Rather than building separate systems for each interaction type, I designed a shared structure that could support all three:

insights → Design Decisions

Students prefer exchanging appliances with people from their own campus community.

The marketplace prioritizes location-based browsing, surfacing nearby listings first to support convenient pickup.

Students feel uncomfortable exchanging appliances with strangers.

User profiles highlight campus affiliation, helping establish trust between buyers and sellers.

Large appliances are difficult to transport.

Listings prominently display pickup location and transportation notes, helping students plan exchanges before committing.

Final Designs

The final product is a mobile marketplace designed specifically for student appliance exchanges.

The final product is a mobile marketplace designed specifically for student appliance exchanges.

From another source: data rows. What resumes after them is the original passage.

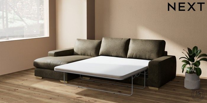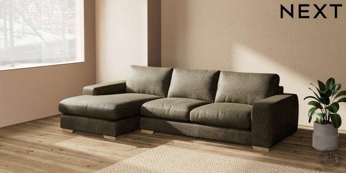 7.2.10 Houghton Deep Relaxed Sit Sofa Chaise Bed - Left Hand Plush Chenille Moss Green Large Square Angle - Light | Made Click here to use our website with more accessibility support, for example screen readers
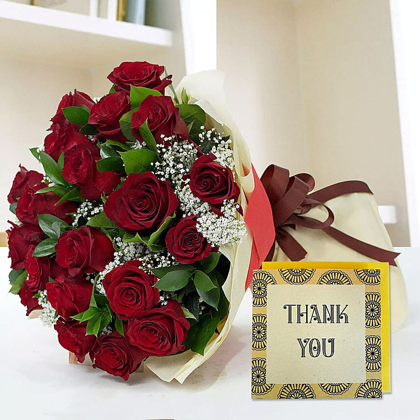 Bouquet of Red Roses & Handmade Thank You Card
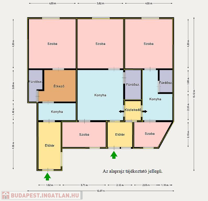 Az egykoron egygenerációs családi házban az idők során három külön összkomfort került kialakításra, tehát a jelenlegi elrendezése szerint háromgenerációs családi házként szolgál. Így összesen 3 szoba+2 félszoba, 3 fürdő és 3 konyha/főzőfülke található az ingatlanban.
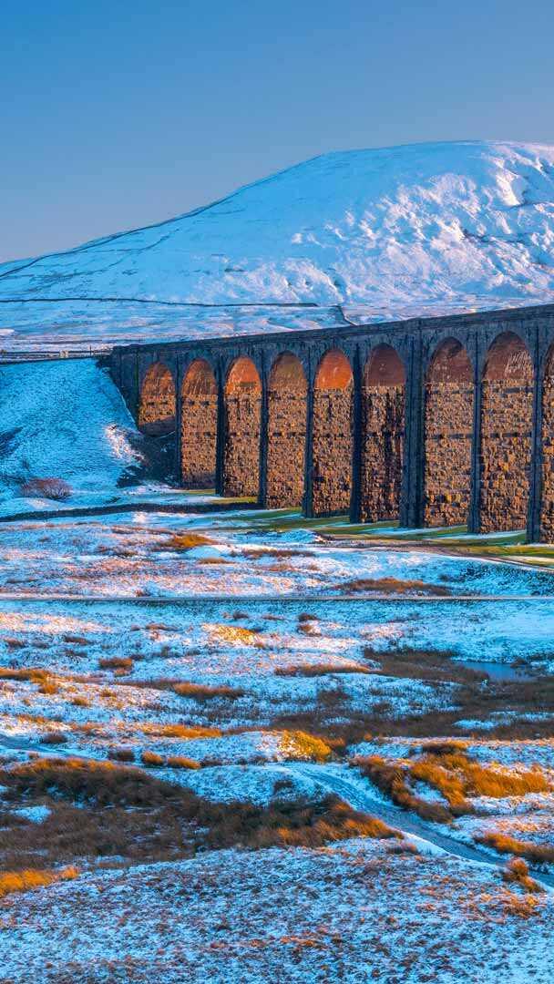 Sospeso tra i ghiacchi Viadotto Ribblehead e monte Ingleborough, North Yorkshire, Inghilterra (© AWL Images/DanitaDelimont.com)
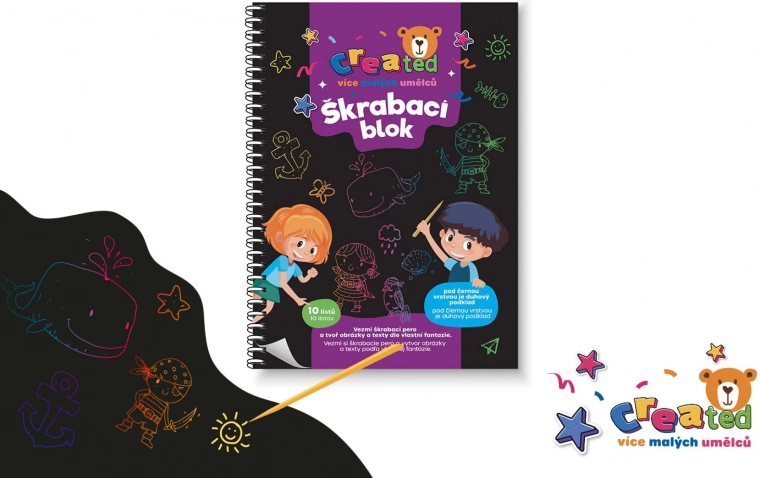 Този скрач тефтер предлага на деца и възрастни забавна форма на творчество. Под тъмния слой се крие цветна основа, която се разкрива с леко надраскване. Създавайте рисунки, надписи, пожелания или малки плакати – въображението няма граници.
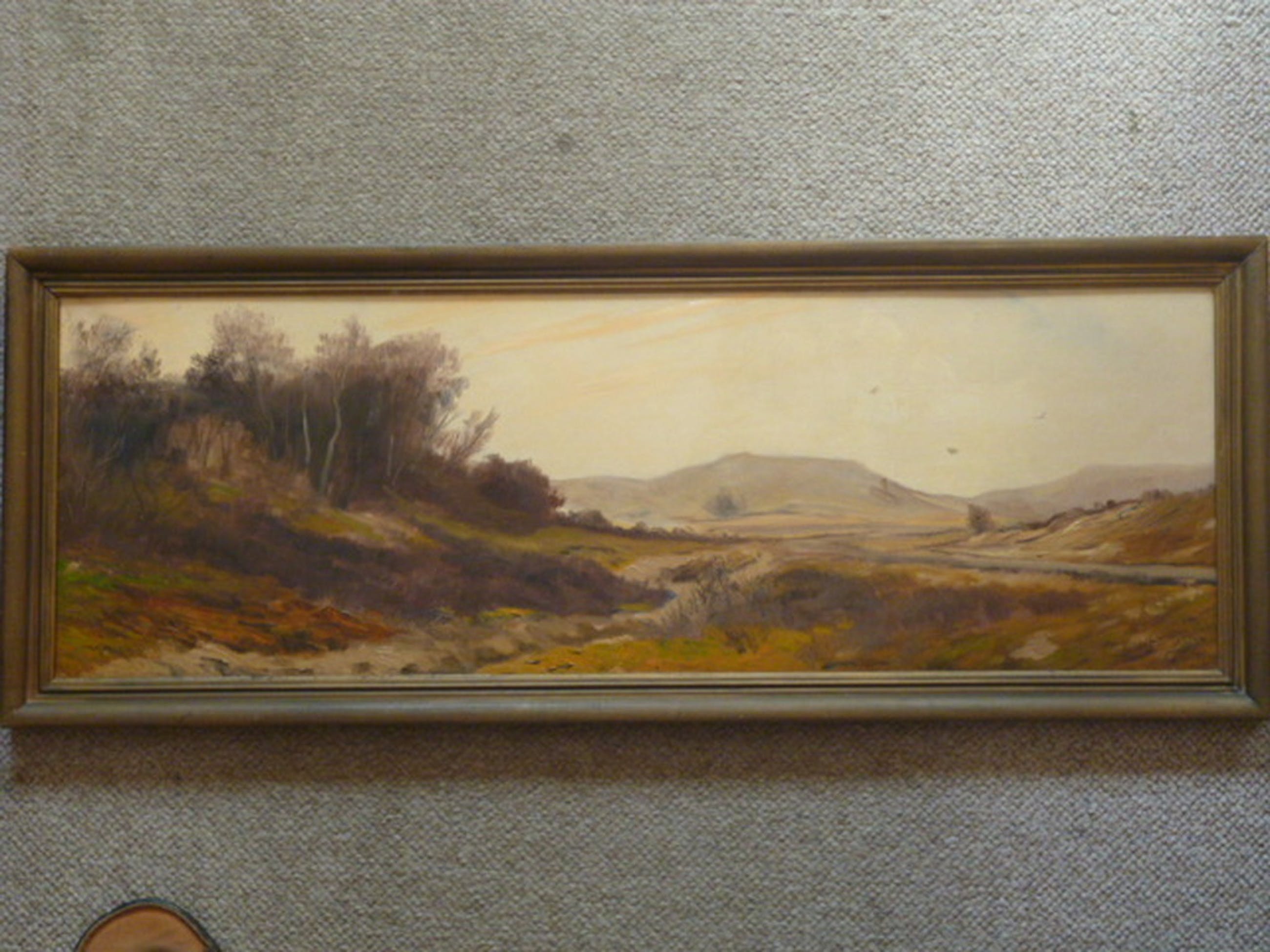 Olieverf op paneel. Paneelmaat 24 x 74. Ingelijst. Lijstmaat 30 x 80 cm.

The experience focuses on helping students:
→ Discover nearby appliances
→ Verify other users within their campus community
→ Coordinate exchanges quickly and safely

By prioritizing proximity, trust, and simple coordination, the platform supports the way students already exchange appliances but in a more reliable and structured way.

Reflections

User research reveals intent in ways that even firsthand experience may not

Although affordability was an important factor, many students were interested in secondhand exchanges for other reasons as well - which was something I did not initially account for.

Understanding these motivations helped frame the marketplace as a community exchange rather than purely a discount platform.

Structure guides behavior, but flexibility matters

Designing structured flows helped simplify listing creation and browsing. However, exchanges between people are inherently flexible.

Balancing structure with flexibility became an important part of the design process, ensuring the system could support different exchange scenarios without becoming overly rigid.

Future opportunities (i.e. how would I build on this concept):

Supporting Additional Community Members

Future iterations could explore allowing participation from alumni or long-term residents who want to contribute appliances to the student community.

Integration With Tool Libraries

The marketplace could also integrate with existing campus tool or equipment libraries, creating a hybrid system where students can borrow, rent, or purchase appliances depending on their needs.

Appliance Verification or Trial Systems

Future versions could introduce more systems that help users evaluate appliances before committing, such as condition checks, videos, etc.